Task material Block Start

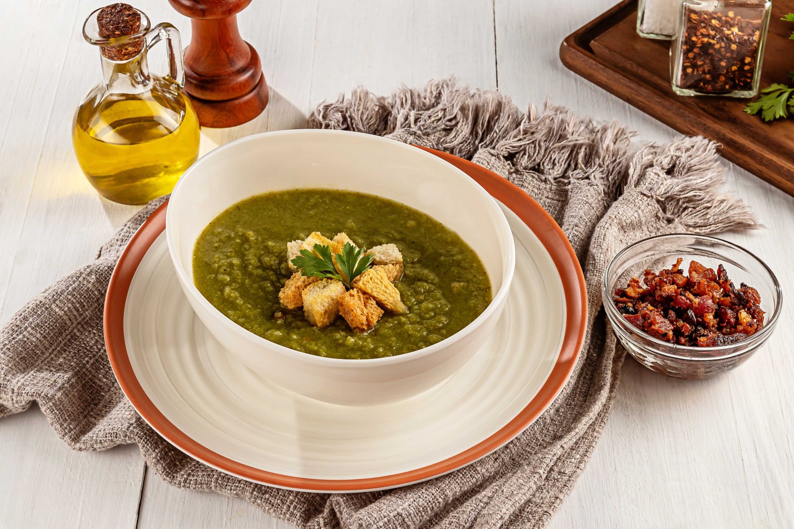 Saudável. Sopa de brócolis com bacon (a partir de R$ 23,50) do Porto do Sabor (3798-9162) — Foto: Divulgação
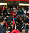 Íslensku stuðningsmennirnir í Konya eru ekkert sérstaklega margir en þeir eru hins vegar hressir. Hér eru þeir að syngja hið vinsæla lag "Ég er kominn heim" á hótelinu fyrir leik.
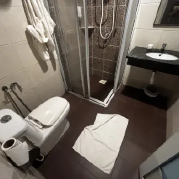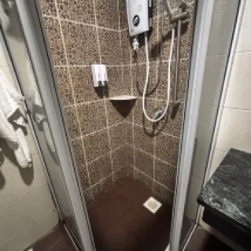 The room was visibly cleaned haphazardly with half-used toilet rolls and leftover drinks hanging on the doorknob of the toilet. The drain in the toilet had a super bad odour that made it hard to even breathe in. The hairdryer was working but the entire device was hanging on a thin thread of wire which can be very dangerous. The extra pillow provided was also mouldy and the cardboard smelt really bad. The aircon was working fine but when you first enter the room the air would be stale and it can get quite humid. Came back on the second night to a door that was unresponsive to our room key card. The service of the staff was ok though.
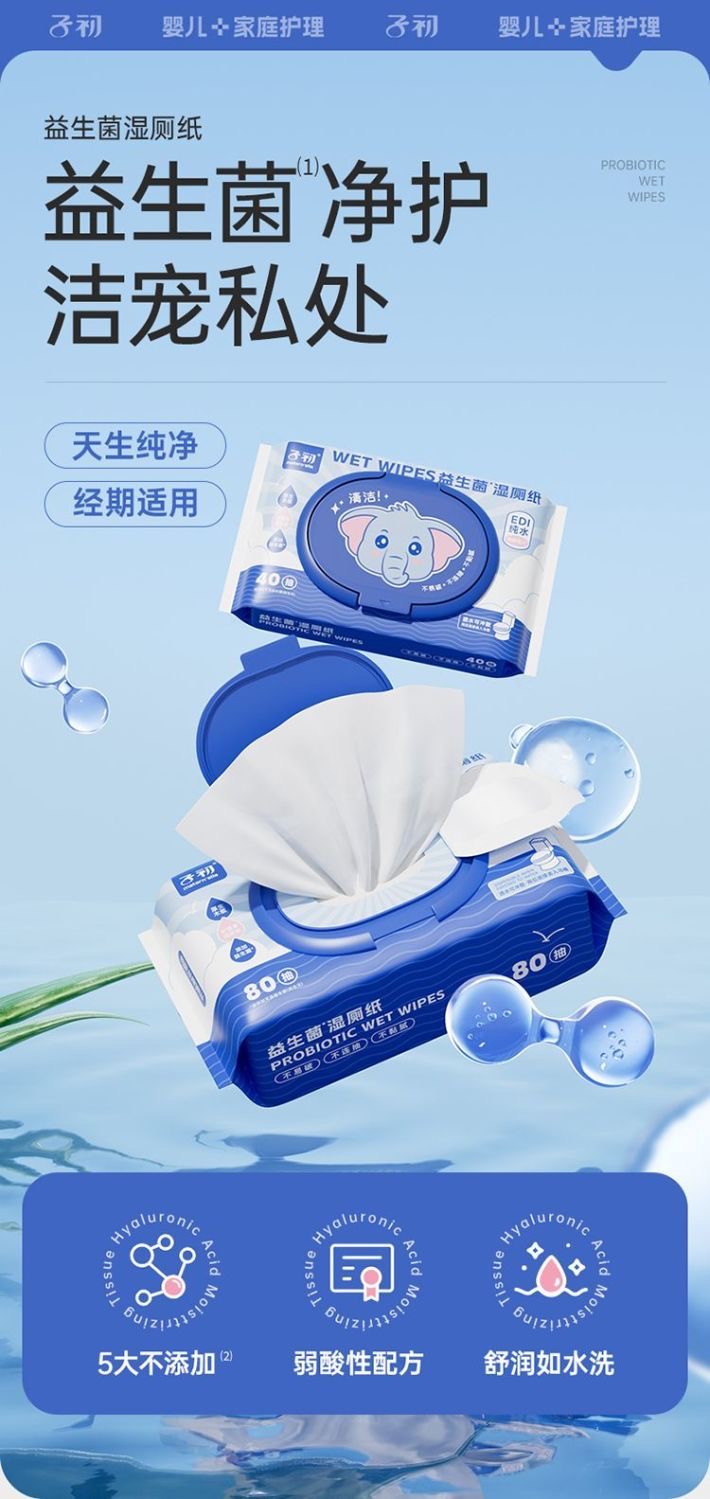子初湿厕纸益生菌如厕专用儿童擦屁屁湿纸巾【38节生活日用福利场】
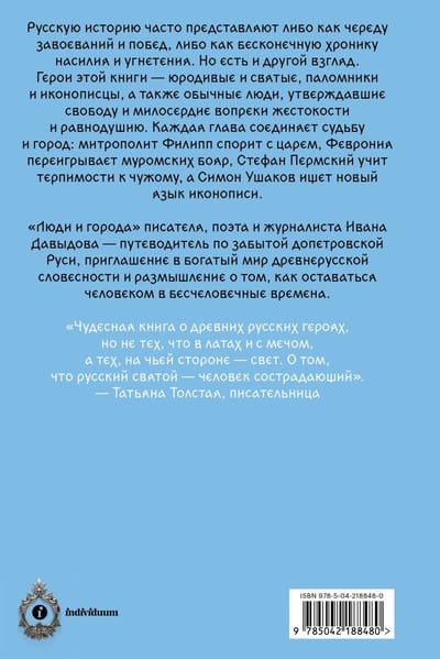 Rakstnieka, dzejnieka un žurnālista Ivana Davidova grāmata "Cilvēki un pilsētas" ir ceļvedis aizmirstajā pirmspetrīniskajā Krievzemē, ielūgums uz bagāto senkrievu literatūras pasauli un pārdomas par to, kā palikt cilvēcīgam necilvēcīgos laikos.
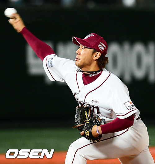 3일 오후 서울 목동구장에서 열린 '2012 팔도 프로야구' 넥센 히어로즈와 롯데 자이언츠의 경기 7회초 1사 주자 1,2루 롯데 황재균 타석에서 넥센 선발 밴헤켄 대신 교체 투입된 이정훈이 힘차게 공을 뿌리고 있다.
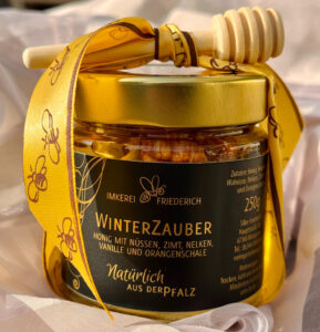 Du bekommst von uns ein 500g Glas WinterZauber in einem weinroten Samtbeutel mit Honiglöffel und einer kleiner Kugel (Farbe kann variieren) oder ein 250g Glas, dass Du selbst noch hübsch verpacken kannst oder von uns mit Honiglöffel und Stoffband.
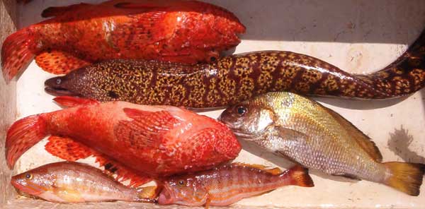 Dos gallinas o cabrachos de 1,5 y un kilo junto a una corva, morena y serranos Año 2004
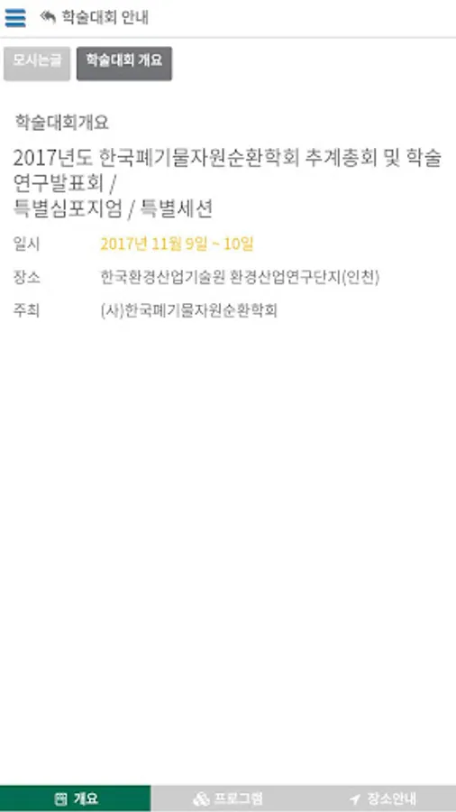 학술대회안내: 개요, 프로그램, 장소안내

Task material Block End

> **Task directions**
Please retype, exactly as they appear, the lines from the one with "Du bekommst von" through the final line of the material, both included, and drop any pictures.

> **Worked solution**
 Du bekommst von uns ein 500g Glas WinterZauber in einem weinroten Samtbeutel mit Honiglöffel und einer kleiner Kugel (Farbe kann variieren) oder ein 250g Glas, dass Du selbst noch hübsch verpacken kannst oder von uns mit Honiglöffel und Stoffband.
 Dos gallinas o cabrachos de 1,5 y un kilo junto a una corva, morena y serranos Año 2004
 학술대회안내: 개요, 프로그램, 장소안내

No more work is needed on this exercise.